UK – More than 75 UK pension funds have made allocations to hedge funds, according to a report from Morgan Stanley.
“Even in the conservative UK pension fund market with consultants as drag anchors, we estimate that over 75 UK pension funds have now made allocations to hedge funds,” the bank said in a report on European asset managers. All bar six had gone via fund of funds.
The 72-page report was partly based on meetings with senior management at European asset managers.
The study also stated that traditional low tracking error mandates are in decline. It cited a pension fund adviser as saying it hadn’t awarded a benchmark +1% mandate to a traditional active manager for two years.
It also found that the Dutch pension fund market is now in “flux”.
“The urgent search for alpha, a growing wanderlust of clients increasingly happy to switch to best-in-class managers and significant changes in pension fund regulations from 2006 are all issues to manage.”
It saw strong growth in enhanced indexing in the market at the expense of active and pure passive.
Morgan Stanley also focused on the growing role of asset liability management.
It said: “Asset liability management and diversification are asserting their dominance in pension fund and institutional thinking, and many investors have been given a sharp lesson in portfolio concentration risk.”

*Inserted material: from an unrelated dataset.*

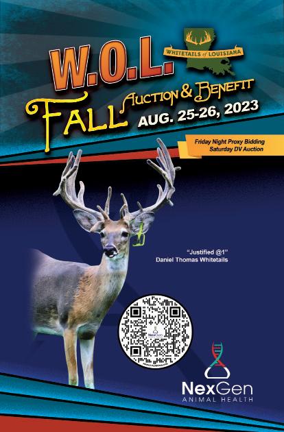 Saturday Sale Saturday Sale 48 2023 W.O.L. FALL AUCTION & BENEFIT Lot Lot DONATION 49 15223 Rt. 87 Hwy., Williamsport, PA 17701 Email: jnewton@cervidsolutions.com Ph: 570-478-2870 www.cervidsolutions.com Cervid Solutions Josh Newton 1 YEAR MEMBERSHIP TO CERVID SOLUTIONS 50 W.O.L. DONATION PO Box 436, Folsom, LA 70437 Ph: 985-892-0056 Email: whitetailsoflouisiana@gmail.com www.whitetailsofla.com Whitetails of Louisiana FRONT COVER WITH A 1 FULL PG AD & 2 PG. ARTICLE WOL QUARTERLY MAGAZINE - SUMMER 2024 ISSUEOffering Front Cover for Single Buck Picture (or product services) of Whitetails of Louisiana Quarterly Magazine + Full page ad space inside -AND2 page spread Feature Farm Article! (journalist interview and writeup included) (Buyer is responsible for sending in finished artwork). Louisiana Quarterly Magazine is published by D&K Design.

Investors were now demanding a more active approach to strategic asset allocation. And there was also a desire for greater diversification and capital preservation – via alternatives.
And the bank also found that tailoring solutions was increasing.
It said: “Over time, we think bond weightings are likely to rise for more mature schemes in the UK, especially given high proportion that’s closed to new business; however, near term inflows to bonds are likely to be modest, given concerns of rising rates.